Data processing. Data storage is not at all what its processing. Libraries store data perfectly, but access to it is difficult. You still need to find the book, open it, read it, but even after that the level of detail that we can achieve is limited by our memory.
American statistician Herman Hollerith at the end of the 19th century conceived a system that would automatically collect data and record them using holes on paper maps. Maps that can be mechanically sorted to obtain values from data. This process Hollerith called tabulation (“tabulating”). Hollerith received a patent for technology, and his Tabulating Machine Company, located in Washington, eventually became the modern International Business Machines (IBM).
For decades, IBM's primary machine function has been sorting. Imagine each card was an account of a customer of an electric company. The machine facilitated the work of organizing the customer base in alphabetical order, by last name, and sorted them by billing date, by amount of debt, by the presence or absence of debts, and so on. At that time, data processing meant sorting, and punch cards did an excellent job of this. Of course, people are also capable of this job. But cars save time, so they were used primarily to ensure that all bills were sent before the end of the month.
The first databases were a bunch of such cards. And it was easy for the electric company to decide what should be on the map. Name and address, electricity consumption in the current billing period, date when the bill should be sent, and current payment status: do you pay your bills?
But what if you needed to add a new product or service? I would have to add a new data field to each card, including all existing cards. Such changes made mechanical sorters a curse. For the sake of greater flexibility, a new kind of database arose in the 1950s that changed the world of business and travel.
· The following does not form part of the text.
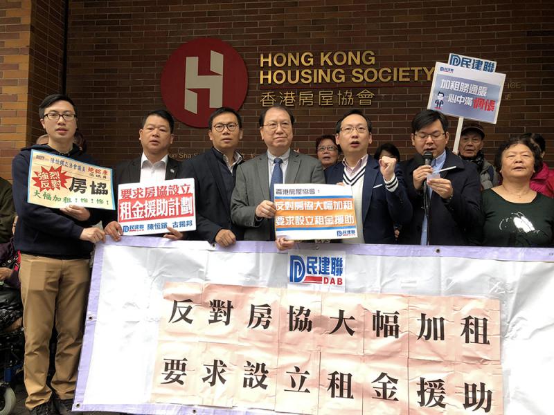 圖:民建聯到房協位於大坑的申請組示威,要求房協凍結租金

Transaction processing. American Airlines' SABER reservation system was the first real-time automated system in the world. This is not only the first reservation system, but the world's first computer system for interacting with operators in real time, where everything happened completely in the computer. Prelude to Big Data. This all worked even when we still manually tracked the Russian bombers.
Before SABER, data processing always occurred after events. Accounting systems dropped in a quarter or a month ago and figured out how to present what had already happened. And this process lasted as long as needed. But SABER was selling tickets for the future, based on location information stored exclusively on a computer.
Imagine that SABER is a shoe box that contains all tickets for all seats on AA 99 flight. Selling tickets from a shoe box will protect you from selling one seat twice, but what if you need to sell seats at the same time through agents in different offices across the country? This requires a computer system and terminals, which at that time did not exist. American Airlines Founder S.R. Smith needed to fly in an airplane next to T. Watson from IBM to start this process.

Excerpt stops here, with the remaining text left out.